Define logical boundaries that isolate the business capabilities your system provides.

Coupling & Cohesion

Fundamentally understand Coupling & Cohesion. Seemingly every design decision revolves around these two concepts.

coupling is the degree of interdependence between software modules; a measure of how closely connected two routines or modules are

https://en.wikipedia.org/wiki/Coupling_(computer_programming)

cohesion refers to the degree to which the elements inside a module belong together.

https://en.wikipedia.org/wiki/Cohesion_(computer_science)

Circling back to the earlier section about defining Logical Boundaries is exactly about trying to achieve a high level of functional cohesion. Logical boundaries will have some degree of coupling because they will need to interact with each other.

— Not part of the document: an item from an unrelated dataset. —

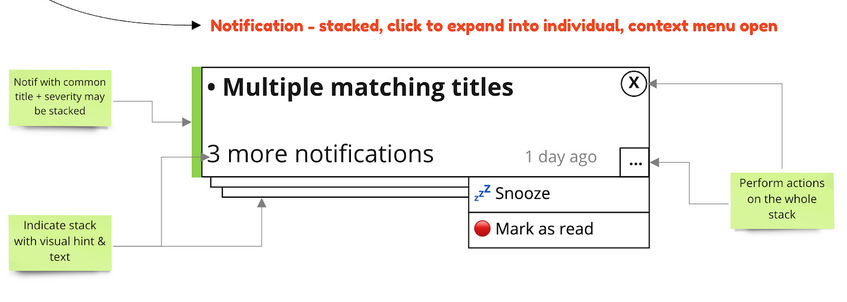 - Clicking on the notification stack expands the notifications into their separate items, sorted by recency

Ian said it perfectly. It’s all about trade-offs.

Complexity

If you’re in a complex business domain, managing complexity can be difficult. But don’t make it even worst by adding unneeded technical complexity. This happens way too often by developers wanting to use new technology/library/framework without any idea if it solves a problem they actually have.

Complexity also comes in the form of logical boundaries as well as coupling & cohesion.

Defining logical boundaries is trying to prevent you from creating a giant turd pile (big ball of mud). Ultimately you’re trying to build a set of smaller turd piles. This allows you to isolate the complexity to a smaller logical boundary that is limited in scope.

As much as you think the system you’re building is going to be perfect, over time different insights and gaining new knowledge will mean that the overall design will be less ideal than you want it to be. And that’s OK!

Isolate complexity the best you can give your understanding at the time of making a decision. Understand that you won’t get it completely right. However, DO NOT add unneeded technical complexity because a discovered a new design pattern, library, framework, etc that you think will solve all of your problems. Also, DO NOT add unneeded complexity based on assumptions or “what ifs” that you think might be needed to make the system more flexible possibly in the future. Give yourself options but not at a high cost of complexity.

Know what you don’t know

There is so much to learn in software it’s pretty much impossible to know everything. However, it is helpful to have a surface-level knowledge or just be aware of the current landscape. That doesn’t mean you need to be an expert at all, rather the opposite. Just being aware of a new tool/framework/platform and the problems it solves can be really helpful if you find yourself with that problem.

The key is acknowledging that you aren’t an expert but rather only have entry-level knowledge.

Don’t be an Expert Beginner.

My software developer advice is to realize that there is a mountain of knowledge you just don’t have and that you don’t know what you don’t know. That’s OK! Don’t take yourself too seriously.